What is a testament?
A testament (last will, last will and testament, or bequest), as it is also called, is a unilateral, personal and always revocable declaration of will by a person capable of doing so, by which he distributes his property in the event of death, in a form determined by law.
Who can make a testament?
A testament can be made by a person who has reached fifteen years of age and is capable of reasoning. In order to prevent possible proof that the testator was not capable of reasoning at the time of making the testament, it is recommended that he be examined by an expert psychiatrist before making the testament, who will confirm that this capacity exists.
What if the testator loses judgment after making the testament?
Loss of judgment after the testament is made does not affect its validity.
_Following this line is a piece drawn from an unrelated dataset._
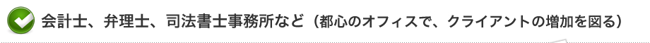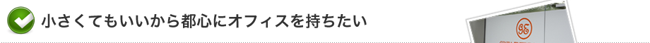 A:レンタルオフィスへの交通の便が良く、お客様への移動時間が短くなったので余裕を持つ事が出来るようになりました。又、レンタルオフィスで郵便や宅急便を留守の時に預かって頂けるので助かっています。レンタルオフィスでは複合機が相場より安く使えるので経費が押えられています。 |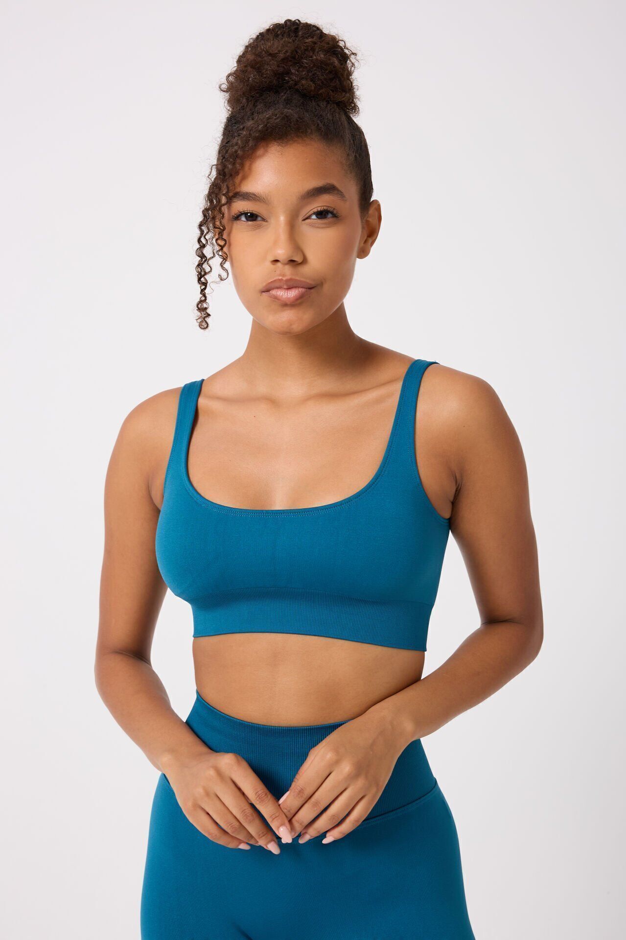 Askılı dinamik bir tasarıma sahip olan sporcu sütyeni bedeni sıkıca sarar, kıvrımları vurgular, iç göstermez.; Gögüs pedi vardır.; İz belli etmez.; Çift kat kumaş ile üretilen orta destekli sütyen, takıp çıkarılabilir pedlere sahip özellikleri ile rahat uyum sağlar.; Çıkarılabilir göğüs pedleri spor esnasında sabit duracak şekilde tasarlanmıştır.; Esnek yapısı sayesinde özgürce hareket edebilirsiniz.; Yumuşacık dokusu bedeninize üstün konfor sağlar.;

Exceptionally, when the circumstances that were the testator’s decisive motive at the time of the will have changed significantly, the court can, at the request of the interested person, invalidate certain provisions of the testament or the entire testament if the testator could not do so due to loss of judgment.
What are the forms of a testament?
In our legal system, there are the following forms of will:
- self-made
- written testament before witnesses
- judicial testament
- consular testament
- international testament
- ship testament
- military testament
- oral testament
- notarial testament
Which testament is drawn up with the legal assistance of a lawyer?
Lawyers provide professional assistance in drafting a written will in front of witnesses. This is done when the testator (it is only important that he knows how to read and write) declares in front of two witnesses that he has read the already made testament, that it is his last will, and then signs the testament with his own hand. Witnesses also sign the testament. It is preferable to have the signatures certified by a notary public, although this is not a mandatory element of the form. Also, it is desirable to specify the characteristics of the witnesses.
Who can and who cannot be a witness?
Testamentary witnesses must be literate, of legal age, fully capable of doing business and must understand the language in which the testator declares that the will is his. Witnesses cannot be the testator’s direct blood relatives, collateral relatives up to the fourth degree of kinship, in-law relatives up to the second degree of kinship, relatives by adoption, spouse, ex-spouse, common-law partner, former common-law partner, guardian, former guardian, ward or former ward. Also, the provisions of the testament that leave something to the witnesses, as well as the spouses, ancestors, descendants and brothers and sisters of the witnesses, are null and void.
Who keeps the testament?
The testament can be kept by the testator himself or he can entrust the keeping to a testamentary heir, a lawyer or another trusted person. Also, the testament can be deposited in the court, which makes a record of it in non-litigation proceedings, puts the testament in a special sealed envelope and keeps it. Upon initiation of probate proceedings, all persons who have knowledge of the existence of a testament are obliged to report it to the court and hand it over if it is in their possession.